Many of their salespeople have been on our programmes and have proved themselves to be effective at improving their abilities in many areas.

There’s one specific area, as you can guess, that always requires attention. It doesn’t take much imagination to know that the biggest challenges for salespeople who sell quality products is price-justification.

Much discussion has been made on how to sell expensive products, or products that are perceived to cost more than the competition.

They all revolve around increasing the value of the product to the prospect’s company or themselves. Of course, value is determined by the perception the prospect has of what they will achieve in the future with the product or service. If they see that the product will improve their productivity, lower costs, increase profitability or something similar, they are more likely to see the value in choosing it and be able to justify the price.

If a prospect claims that your product is ‘expensive’ it means they haven’t yet been able to justify why they should pay the asking price for it.

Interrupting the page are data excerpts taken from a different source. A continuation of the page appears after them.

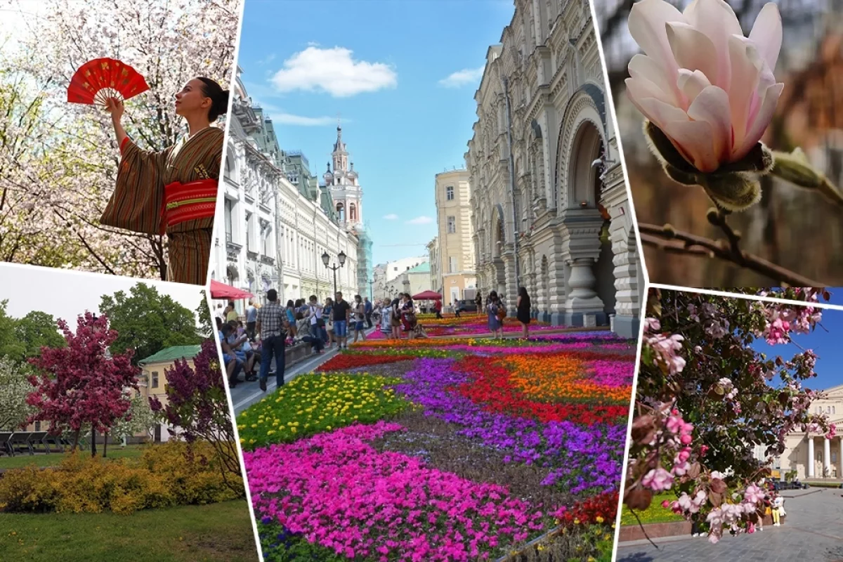 В апреле в столице уже можно увидеть первые яркие акценты. Распускаются крокусы, нарциссы, пролески, медуницы, ветреница лютичная. Чуть позже к ним присоединяются тюльпаны, сакура, магнолии и груши. К концу месяца появляются незабудки и маргаритки. В воздухе постепенно смешиваются ароматы черемухи, сирени и цветущих фруктовых деревьев. На одной клумбе могут одновременно сочетаться розовые, голубые и фиолетовые оттенки медуницы, а рядом — только начинающие раскрываться бутоны яблонь. Это делает каждую прогулку неповторимой, а фотографии — живыми и насыщенными.
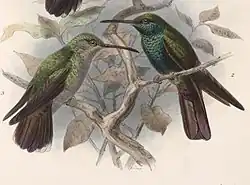 3. ^ Gould, John (1853). A Monograph of the Trochilidae, or Family of Humming-Birds. Vol. 2. London: self. Plate 90 and text (Part 22). The 5 volumes were issued in 25 parts between 1849 and 1861. Title pages of all volumes bear the date of 1861. For details see: Waterhouse, Frederick Herschel (1885). The Dates of Publication of Some of the Zoological Works of the Late John Gould, F.R.S. London: R.H. Porter. pp. 45–55.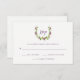 These stylish wedding RSVP cards feature a modern watercolor wreath decorated with purple grapes, green leaves, and vines. There is a clean, white background. This elegant and simple response card is perfect for your minimalist, wine themed wedding. We have used art from LABFcreations.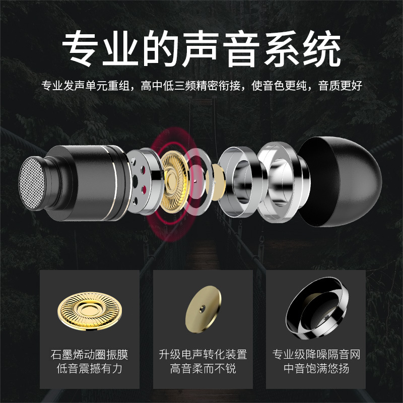 Lanston M406 headphones In-ear Heavy Bass for Girls and Girls General Computer Phone K Song Music Tone Low Sound Cannon Eat Chicken Noise Reduction Notebook Cable Singing Earplug Apple Millet

People will basically pay the price you ask if the prospect can justify in two specific ways; one, they need the product or, two, they want it.

If they need it, it can be justified around the future benefits it will bring them or their business. However, if they want it, it now involves emotions and desires.

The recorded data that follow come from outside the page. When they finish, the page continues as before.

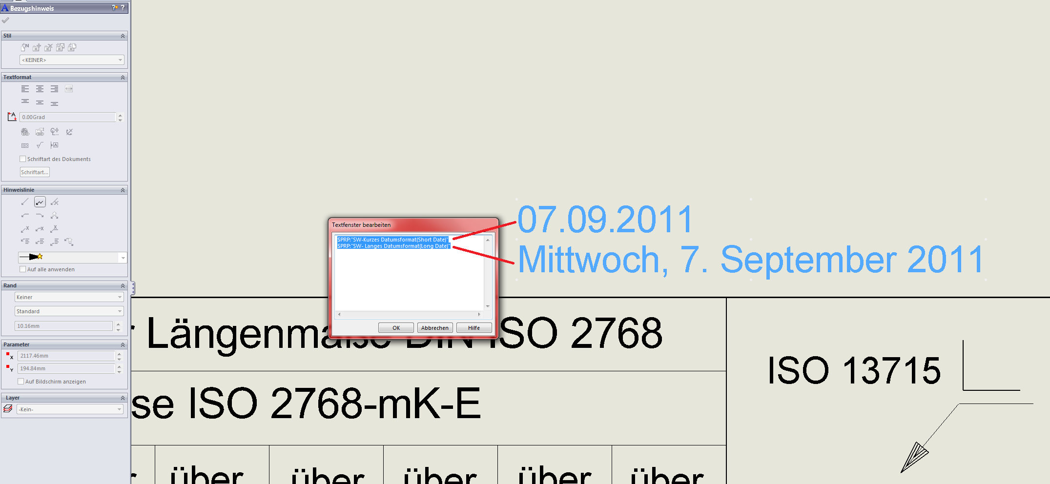 Hallo zusammen, Punkt 1: Datum automatisch anpassen - ganz schlechte Idee. Das wird ja nicht aus Kux und Dollerei darein geschrieben, sondern aus Zwecken der Dokumentation. Und willst du wirklich, dass da automatisch aktualisiert wird, wenn sich jemand die Zeichnung öffnet und z.B. druckt? Oder das sich das Datum ändert, weil das jemand in einer neuen Version aufruft und dann speichert, weil es aktualisiert wurde? In meinen Augen gehört das in eine Dateieigenschaft, in der der verantwortliche Zeichner und/oder Konstrukteur das Datum eingibt, das richtig und relevant ist. Das führt dann auch zu Punkt 2 @Leo: beim Einfügen der Beschriftungen und Verknüpfung zu den Eigenschaften kannst du bei den Datumsdingern unten in einer Dropdownliste zwischen langen und kurzem Datumsformat wählen und mit/ohne Zeit anhaken. Ein benutzerdefiniertes Datumsformat gibt es aber nicht, das kurze ist TT.MM.JJJJ Da ich aber wie oben beschrieben nie die automatischen Datumsangaben für's Schriftfeld nehmen würde kann ich in eine Dateieigenschaft das Datum ja so reinschreiben, wie ich das möchte, also z.B. 07.SEP 11 oder andere kreative Schreibweisen  Ciao, Stefan ------------------ Inoffizielle deutsche SolidWorks Hilfeseite http://solidworks.cad.de Stefans SolidWorks Blog Eine Antwort auf diesen Beitrag verfassen (mit Zitat/Zitat des Beitrags) IP |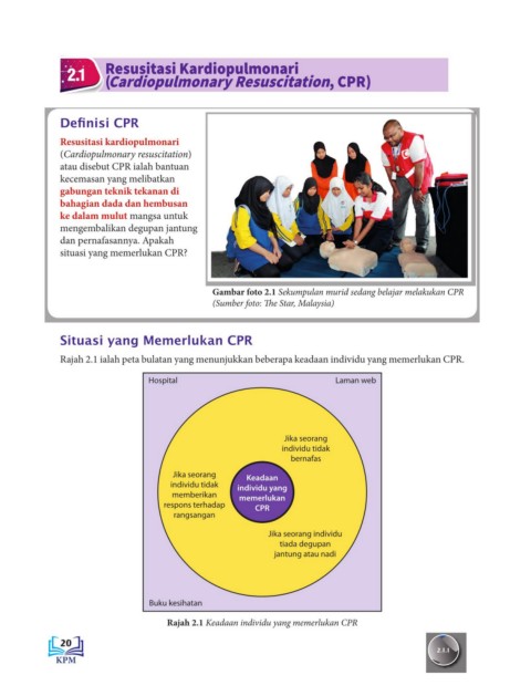 Rajah 2.1 ialah peta bulatan yang menunjukkan beberapa keadaan individu yang memerlukan CPR.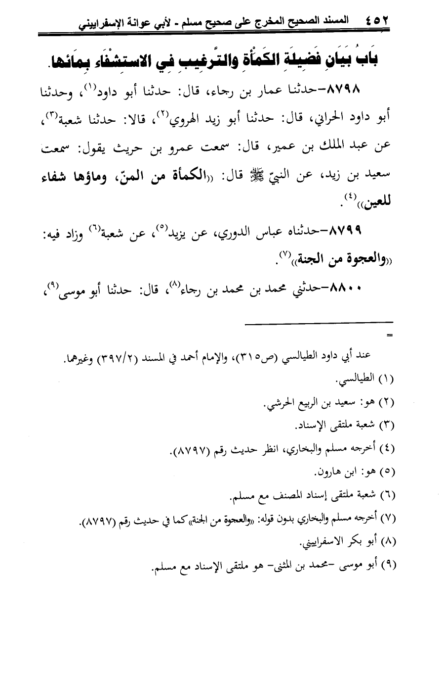8798 - حدثنا عمار بن رجاء، قال: حدثنا أبو داود (¬1)، وحدثنا أبو داود الحراني، قال: حدثنا أبو زيد الهروي (¬2)، قالا: حدثنا شعبة (¬3)، عن عبد الملك بن عمير، قال: سمعت عمرو بن حريث يقول: سمعت سعيد بن زيد، عن النبيّ -صلى الله عليه وسلم- قال: "الكمأة من المنّ، وماؤها شفاء للعين" (¬4).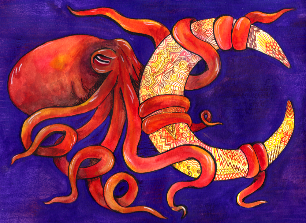 “Octopus Moon” – 2019 – Watercolor and Ink on Paper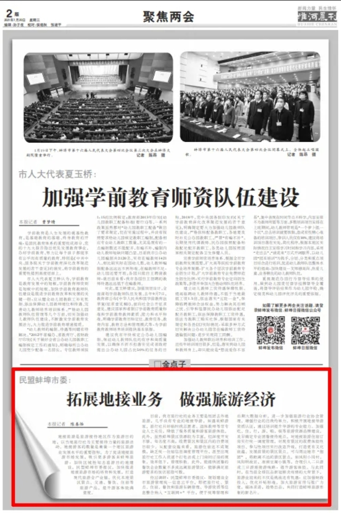 盟员崔晓峰老师执笔撰写的《关于常态化疫情防控下蚌埠地接旅游市场持续做大做强的提案》,作为民盟蚌埠市委的集体提案提交大会。针对蚌埠市地接旅游存在的主要问题,他建议要进一步落实政策的制定与执行,加强地接资源品牌塑造建设,拓展地接业务,做强旅游经济。
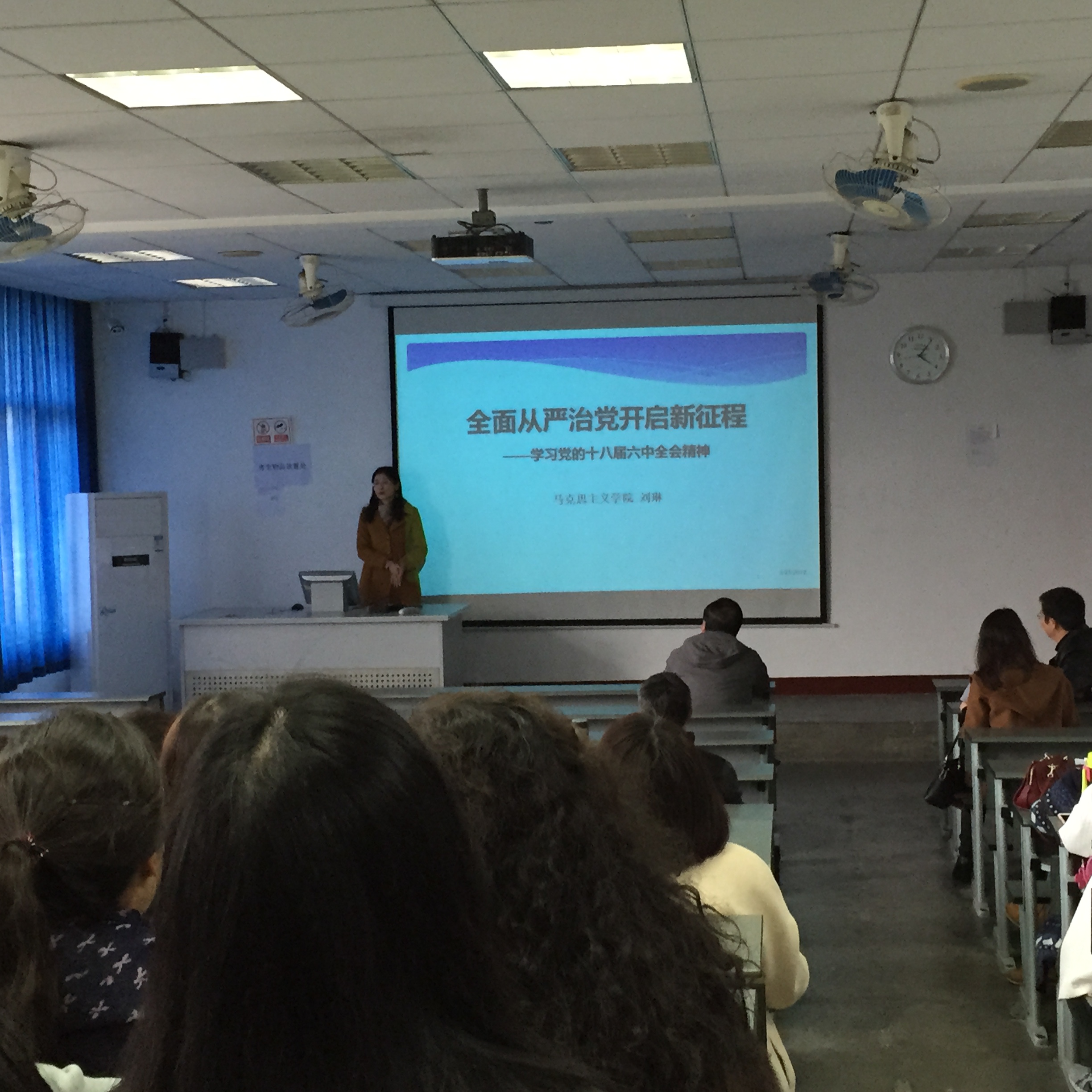 刘琳老师以“全面从严治党开启新征程”为题开展讲座。讲座从四个方面对党的十八届六中全会精神进行了解读:一、十八届六中全会基本情况和重大意义;二、《关于新形势下党内监督的若干准则》;三、《中国共产党党内监督条例》;四、坚定理想信念,做政治上的明白人。刘老师指出党的十八届六中全会是新的历史时期全面从严治党的一次标志性会议,是中国共产党有史以来对执政党自身建设最全面、最严格、最规范的顶层设计和总体部署。希望老师们认真理清全会精神脉络、掌握精神要点和内容,为进一步深入学习贯彻全会精神夯实基础。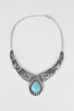 This lovely necklace features delicate chain link, hinged embossed tribal panels, teardrop shaped turquoise stone pendant, and adjustable lobster hook closure. Finished with matching turquoise dangle earrings.

We are more likely to see the value in something if we want it, more than if we need it. Even if something was priced at 50% off, if we don’t want it, we won’t see the value of it.

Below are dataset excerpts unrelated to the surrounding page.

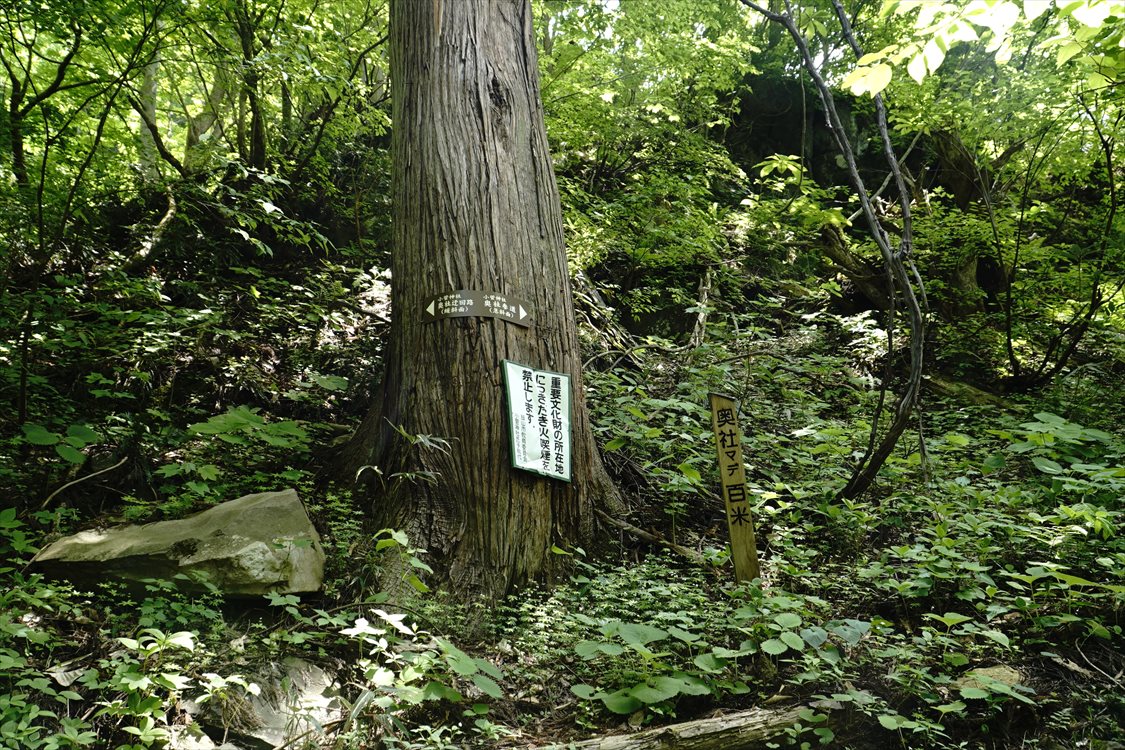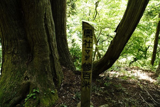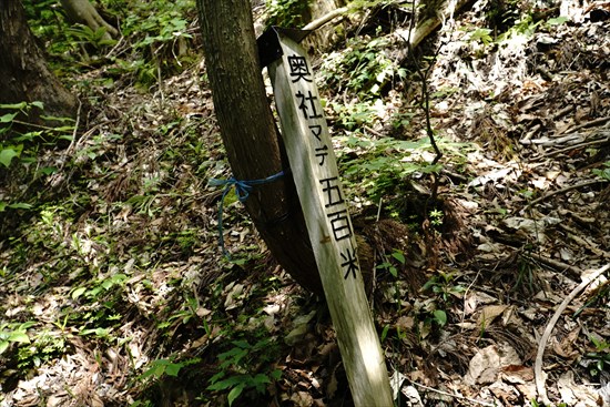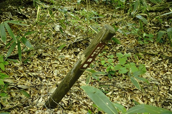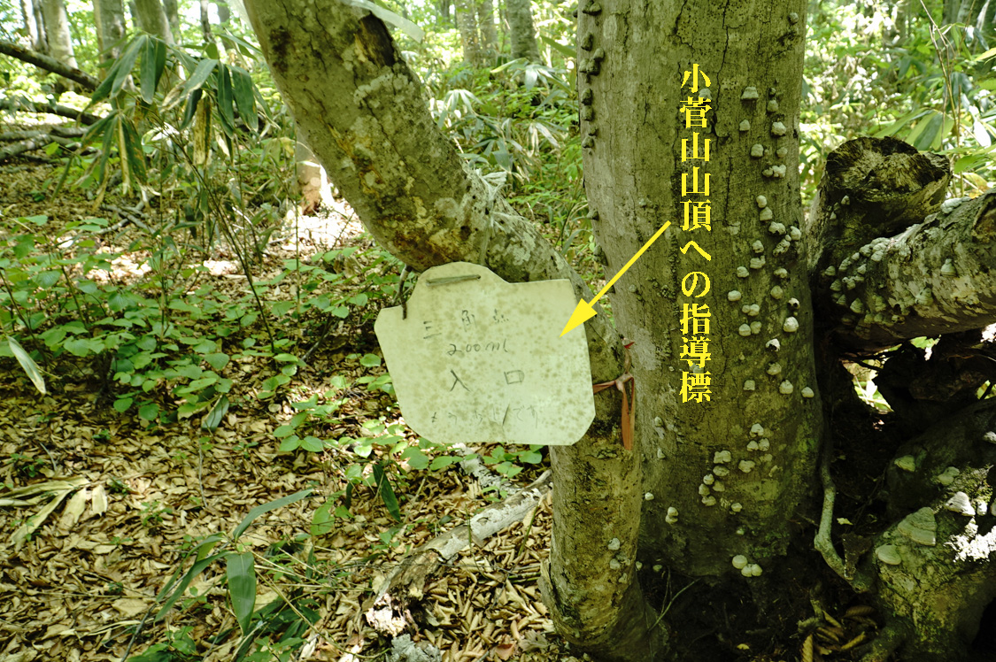 分岐点から2㍍ほど先の巨木に目立たない指導標(三角点まで200㍍入口)あり |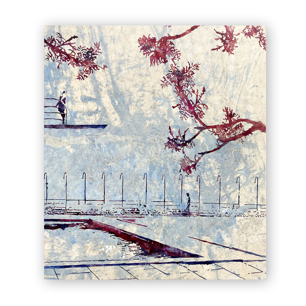 Aquarell, Tusche, Rost und Acryl auf Nessel.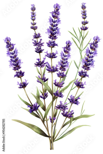 © GreenMOM, Naklejka premium A vintage illustration of Lavender flowers with lush green leaves, perfect for botanical themes and nature-inspired designs,PNG transparent background

Increasing the desire is the catalyst that will increase the value in the prospect’s mind.

By making the person want what you are selling, you increase your chances of them justifying the initial outlay.

You do this by asking questions that highlight the emotional impact of the decision they are about to make.

It could be something like: “How will it feel to save 20% in overheads over the next 6 months with this product?”

Or: “What will your family think of this new addition?”

What you’re doing is involving the emotions in making a decision. When you increase desire, price doesn’t have the impact in the decision-making process that it would have if you were appealing to purely the rational brain.

Remember…everything is expensive…until you want it!

Happy Selling!

Sean McPheat

Managing Director

MTD Sales Training

http://www.mtdsalestraining.com

(Image by MTD Sales Training, please attribute if re-used)

(Header image courtesy of David Castillo Dominici at FreeDigitalPhotos.Net)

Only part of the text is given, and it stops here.